To top it off, not living in the nation's capital means that city maintenance infrastructure is piss poor in comparison. I will never again complain about the snowplows in the city of Ottawa. The people who work those machines are pros and deserve medals.
The plow system in St. John's is PITIFUL. They do it all wrong. Instead of hauling ass down the major streets AFTER it stops snowing and then taking on the side streets, these plows will be out at the first sign of snow, peeling away layers of asphalt as they scrape up the tiniest bit of snow that has accumulated on the roads. And their attempts to plow the sidewalks (when they decide to plow the sidewalks) are laughable.
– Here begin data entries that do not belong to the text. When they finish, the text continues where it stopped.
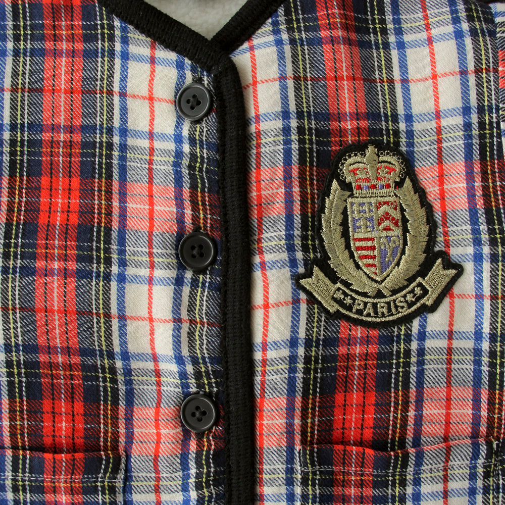 From Bonjour, now on sale. Two-in-one baby and kid's jacket. Sailor inspired patch on red tartan check side, with nubby ivory shearling and star epaulettes on reverse.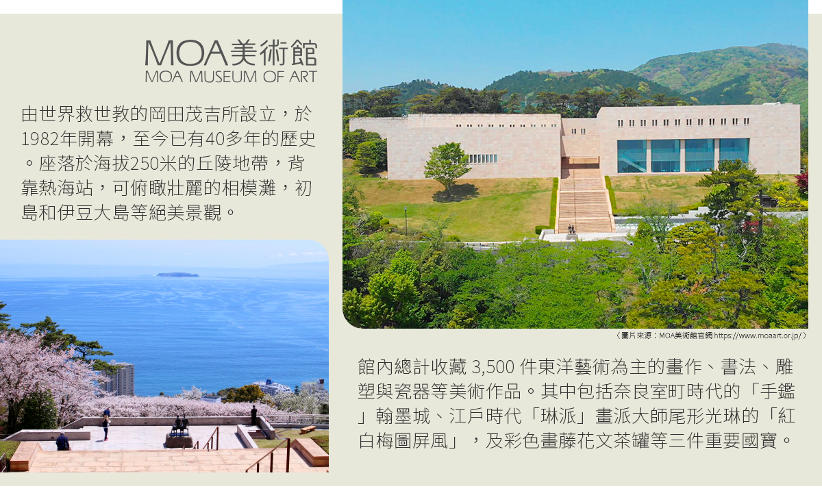 MOA美術館 是一座以收藏東亞藝術珍品及壯麗海景聞名的私立美術館。擁有約 3,500 件作品,包括 3 件國寶(如尾形光琳的《紅白梅圖屏風》)及多件重要文化財。室內天花板設有巨大的萬花筒光影投影,隨音樂變換色彩,是熱門的打卡點。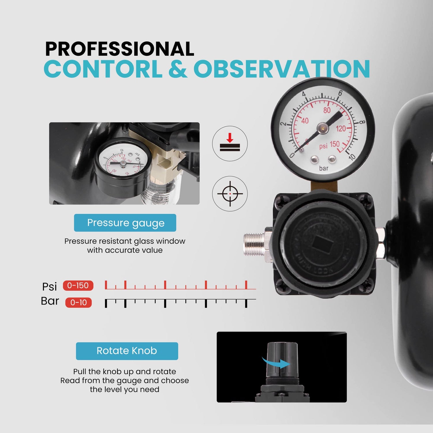 - IDEAL DESIGN - The portable handle is convenient for you to carry the machine with you; The gauge makes it easy for you to monitor your air tank’s real-time status; The compatible design allows you to choose different airbrushes according to your needs; The matte black color resists fingerprints or marks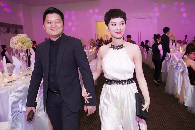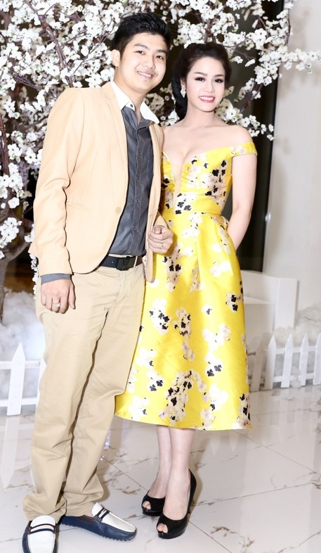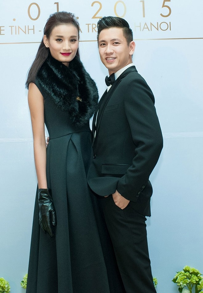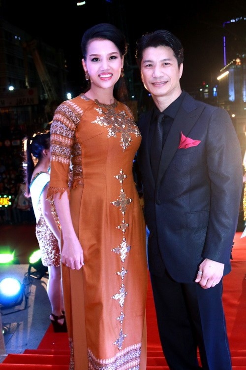 | Nữ diễn viên và chồng còn diện trang phục đồng tông màu khi sánh bước trên thảm đỏ. Hiện Lê Khánh - Tuấn Khải được đánh giá là một trong những cặp đôi mặc đẹp trên thảm đỏ sự kiện Vbiz 2014. |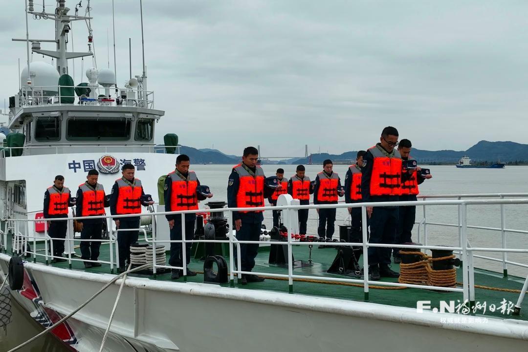 海警执法员默哀缅怀先烈。(受访方供图)

Every fifty meters you'll see a patch where the sidewalk plow has made a pass, leaving several inches of snow still on the ground. The rest of it is just pushed up crusty snowbank from the street plow. And the places where the sidewalk plow have been are then covered over instantly by another pass of the street plow. The result is the 'sidewalk' is now an uneven terrain replete with jagged chunks of ice. Honestly, it's safer to face Newfoundland drivers and walk in the road, which most people do.
Now, I know that comparisons are not really fair. There are different economic conditions in St. John's than there are in Ottawa. The terrain is entirely foreign, too, as the constant freeze-thaw temperatures wreak havoc with snow melt, and the streets here are wicked steep and winding. The sidewalks in most of the city were built as an afterthought, and so often contain obstacles, such as poles, trees, and people's front porches. More than once I have seen a disabled sidewalk plow stuck to a pole.
But it's sad to see the plows get stuck due to their own incompetence. One of the lawyers at the firm here told me the other day that he rescued a plowman who had gotten himself stuck in a ditch while clearing the road. I've seen sidewalk plows (on the rare occasions that I do see them) get boxed in by street plows. They barely use salt, and I've never seen any form of grit on the streets. The whole system is ridiculous, and extremely dangerous.
But for some reason everyone seems to continue along the same way they always have. Newfies are tough stock, and they don't seem to do anything the easy way. I'm working on a transcription right now of a fisher from the Burin Peninsula, and he talks of the days before radar and GPS, how they used to take their boats out in thick fog and just steam up and down until they found their buoy markers, a process that could take several hours. So that should give you some hint as to the Newfoundland character. But this persistence can be seen as stubbornness, and sometimes stupidity.
Three times since the snowfall I have seen cars stuck, not in snow, but in the icy sludge left by the plow. In all three of these situations, the car in question was on a hill, trying to get to the top. Instead of simply putting the car in reverse or neutral and having it slide out of the sticky spot with the help of gravity, all the motorists just gunned their engines, spinning their tires to create a patch of solid ice. They are just so stubborn.
I had more to say on this but I've now forgotten. There are a million things about this place that irritate me, and now it looks like, with Andy switching into a double major degree, that we might have to stick around an extra year. I may indeed go well and truly insane. I shudder to think about Andy's mental state after I abandon him in this crazy place for eight months.